The 20% threshold is one of many possible kill-switch levels. Sweeping the engine across {15%, 20%, 25%, 30%} (4,000 paths, 60 months, seed 42) gives a near-linear shift in recovery time:

  • 15% threshold: median 8, p95 = 23 months.
  • 20% threshold: median 11, p95 = 28 months.
  • 25% threshold: median 15, p95 = 33 months.
  • 30% threshold: median 18, p95 = 38 months.
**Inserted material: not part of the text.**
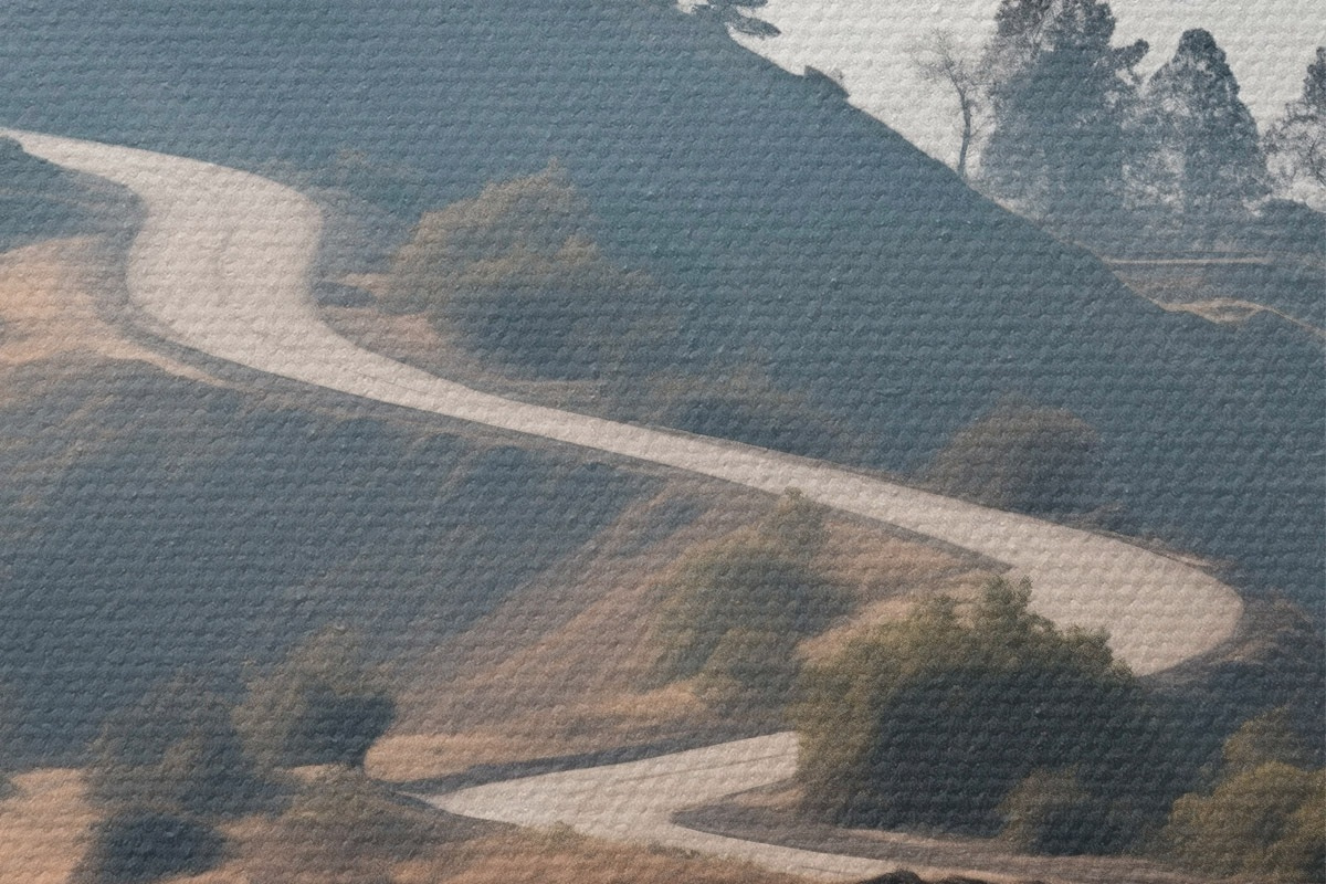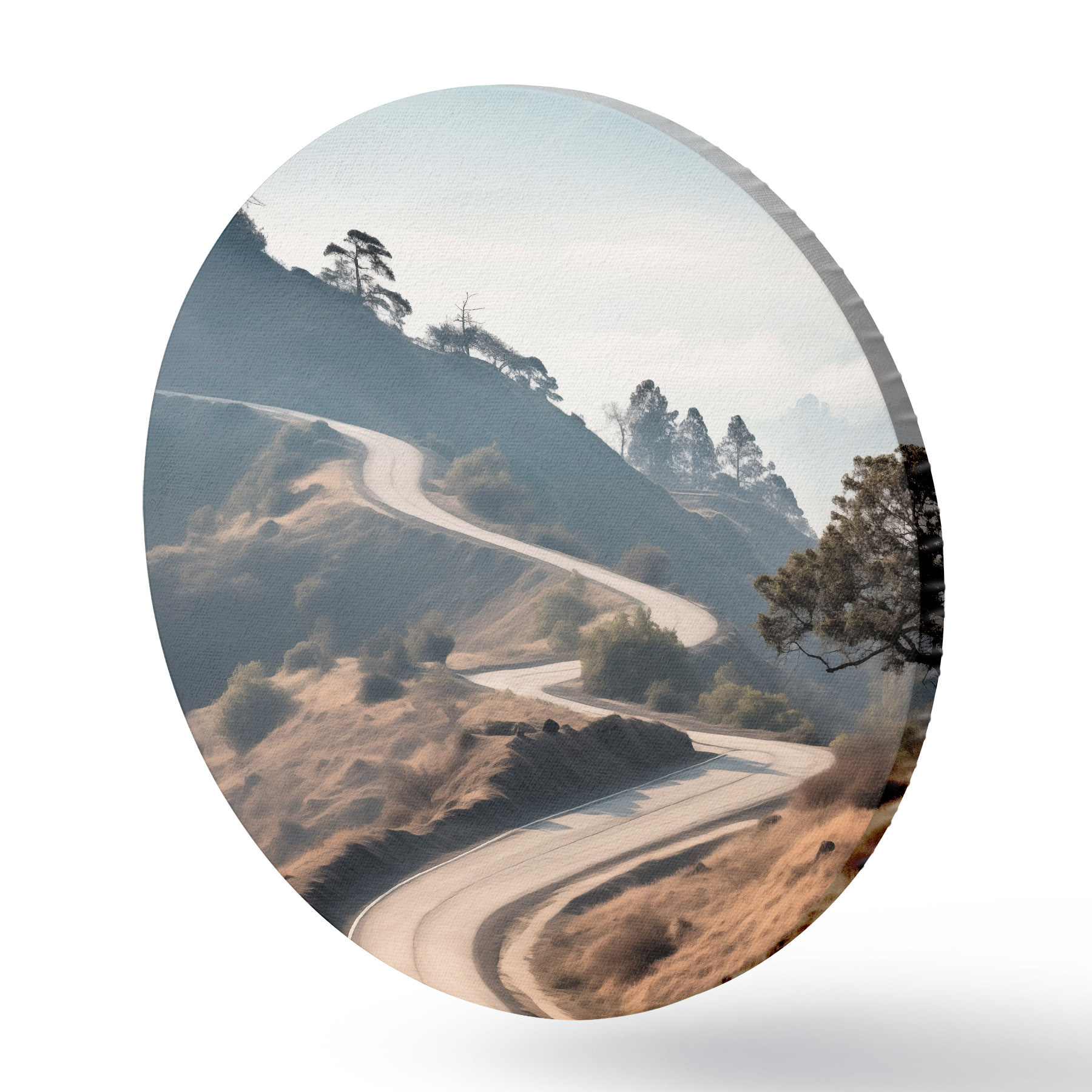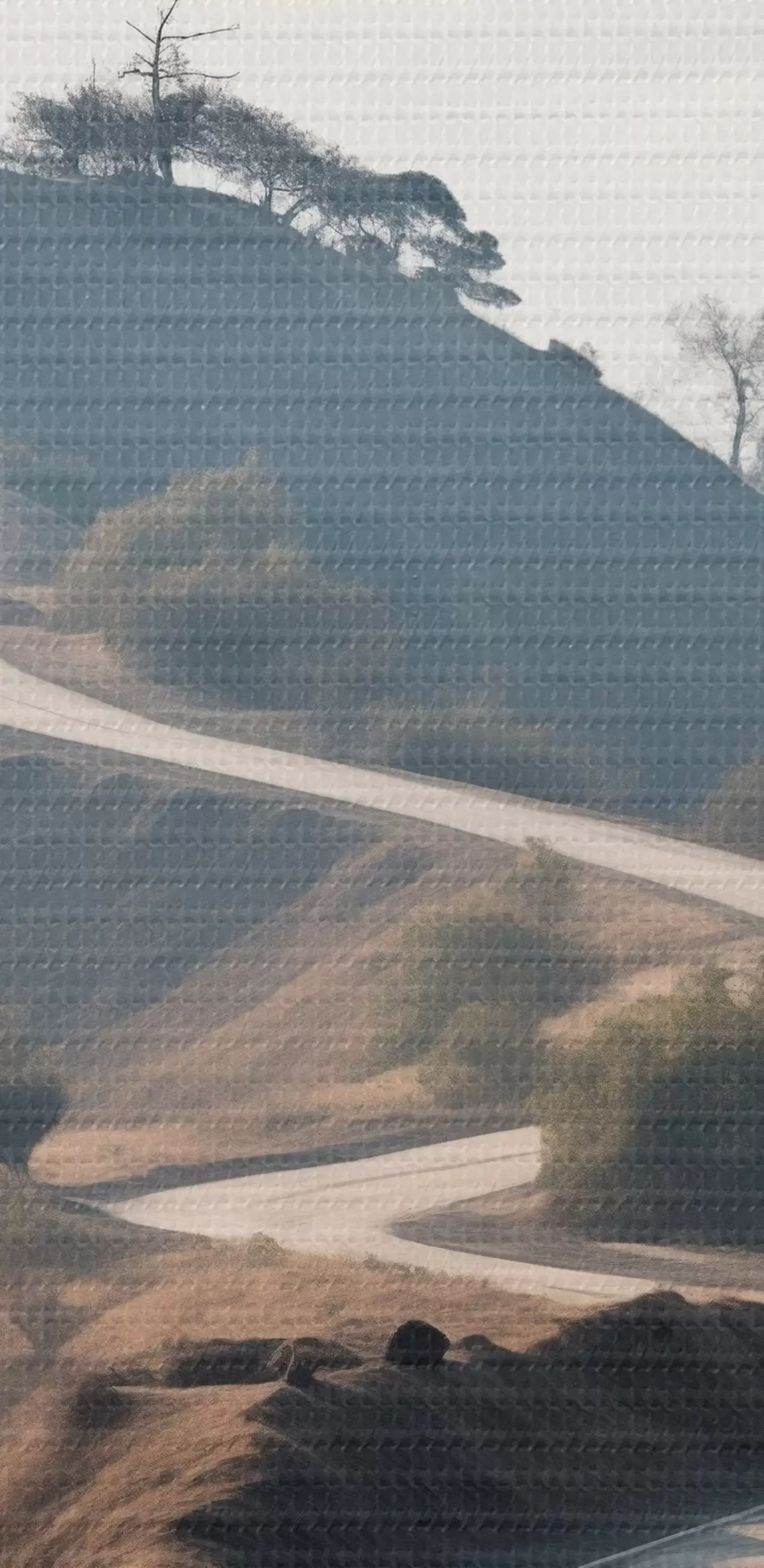 Obrázek Klikatá silnice vedoucí kopcovitou krajinou s suchou trávou pod jasnou oblohou a horami v dálce Nr r46289

A deeper drawdown threshold means a longer climb back, so both the median and the p95 recovery rise roughly 5 months per 5-percentage-point step in this regime. A kill-switch defined at one threshold has materially different implications from the same kill-switch at a different threshold. The defensible procedure is to sweep the threshold and report the (threshold, p95) joint distribution, then pick the kill-switch based on operator patience.

Connects to

References

  • Politis, D. N., & Romano, J. P. (1994). "The Stationary Bootstrap." Journal of the American Statistical Association 89(428), 1303–1313. The stationary block-bootstrap reference. https://www.jstor.org/stable/2290993
  • Magdon-Ismail, M., Atiya, A. F., Pratap, A., & Abu-Mostafa, Y. S. (2004). "On the Maximum Drawdown of a Brownian Motion." Journal of Applied Probability 41(1), 147–161. https://www.cambridge.org/core/journals/journal-of-applied-probability
  • Azzalini, A., & Capitanio, A. (2003). "Distributions Generated by Perturbation of Symmetry with Emphasis on a Multivariate Skew-t Distribution." Journal of the Royal Statistical Society B 65(2), 367–389. Skew-t reference.
  • Lopez de Prado, M. (2018). Advances in Financial Machine Learning, chapter on backtest statistics including drawdown.
  • McNeil, A. J., Frey, R., & Embrechts, P. (2015). Quantitative Risk Management, 2nd ed., Princeton UP. Chapter 7 covers drawdown and tail-risk modelling.

Verified engine output

Show the recompute-verified inputs and outputs
Inputs
monthly_sharpe0.5
monthly_skew-0.3
monthly_excess_kurt2.5
recovery_threshold0.2
paths4000
max_months60
seed42
Result
median11
p258
p7516
p9528
pct recovered in12 mo0.5775
pct never recovered0.00125
recovery times (3995 items)[...]

Computed live at build time.

Frequently asked questions

When should I prefer the Markov simulation over a historical bootstrap?
When the tape is short (under 60 months) relative to the strategy lifecycle, or regime-fragility is plausible. For long-tape (>240 months) well-understood strategies, prefer bootstrap.
Does the engine support a block-bootstrap option?
Not directly. For bootstrap analysis run a standard block-bootstrap externally and compare the two outputs side-by-side.
Why does the Markov assume i.i.d. draws when real returns are autocorrelated?
Because the closed-form skew-t moment-match is tractable. Adding autocorrelation requires a regime-switching ARMA — the natural next step for a more conservative forecast.
What about Vine copulas or other dependency models?
Vine copulas capture asymmetric dependencies for multi-asset drawdown. The single-asset Markov engine here does not need them because the dependency structure is intra-asset.
How does this connect to my actual kill-switch design?
Compute p95 recovery from the engine; sweep across drawdown thresholds. If p95 at your chosen threshold exceeds operator patience, pick a tighter threshold or accept a shorter patience constant.